**TASK TO CARRY OUT**
Please output the listing below character for character and omit the images.

**DATASET SECTION**
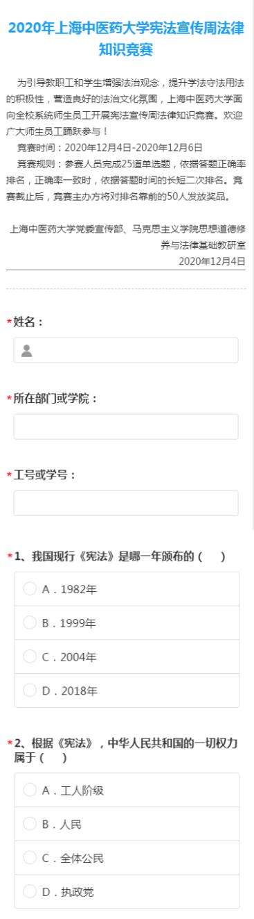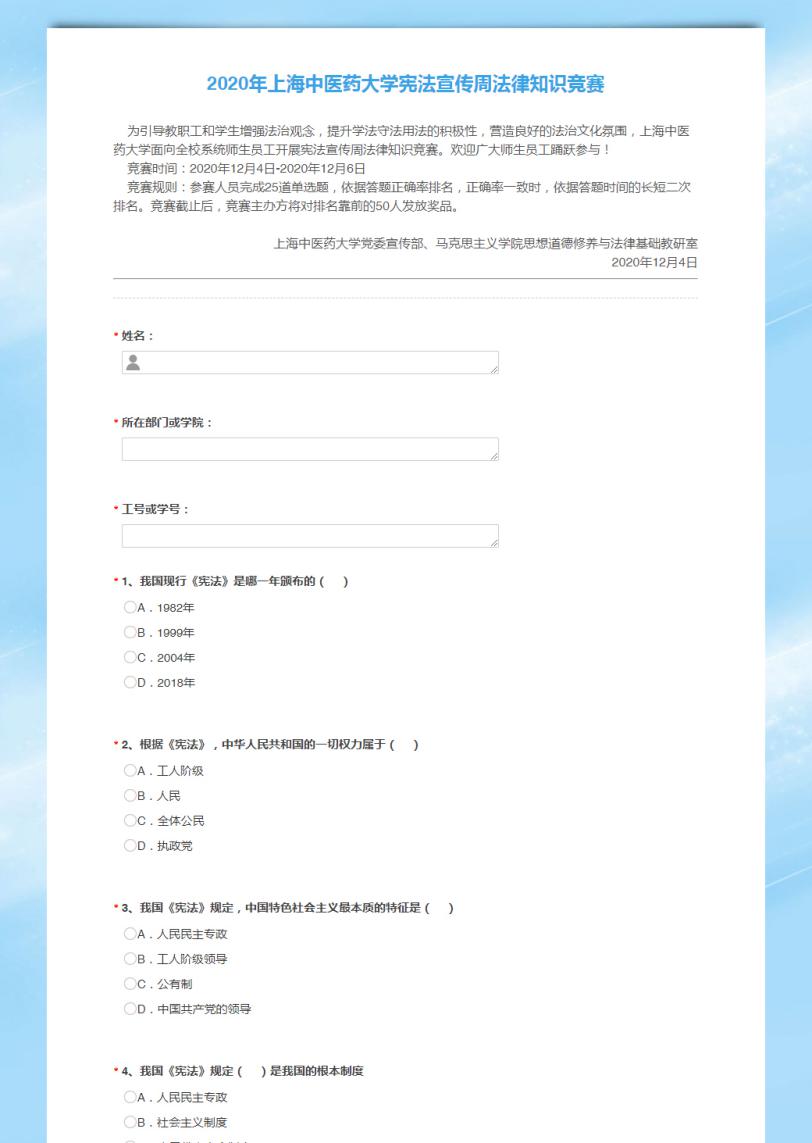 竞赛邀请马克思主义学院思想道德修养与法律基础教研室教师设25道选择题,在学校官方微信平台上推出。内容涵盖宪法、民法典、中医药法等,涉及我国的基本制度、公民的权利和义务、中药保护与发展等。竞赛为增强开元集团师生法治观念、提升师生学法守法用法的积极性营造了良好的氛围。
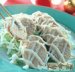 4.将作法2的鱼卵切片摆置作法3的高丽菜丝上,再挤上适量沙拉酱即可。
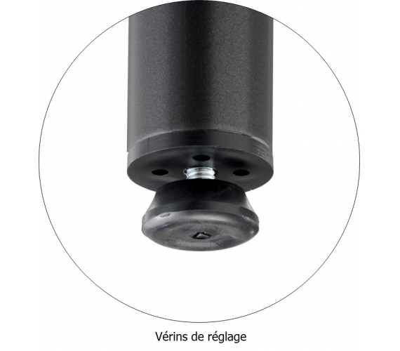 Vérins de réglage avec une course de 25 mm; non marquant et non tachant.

**THE COMPLETED TASK**
 竞赛邀请马克思主义学院思想道德修养与法律基础教研室教师设25道选择题,在学校官方微信平台上推出。内容涵盖宪法、民法典、中医药法等,涉及我国的基本制度、公民的权利和义务、中药保护与发展等。竞赛为增强开元集团师生法治观念、提升师生学法守法用法的积极性营造了良好的氛围。
 4.将作法2的鱼卵切片摆置作法3的高丽菜丝上,再挤上适量沙拉酱即可。
 Vérins de réglage avec une course de 25 mm; non marquant et non tachant.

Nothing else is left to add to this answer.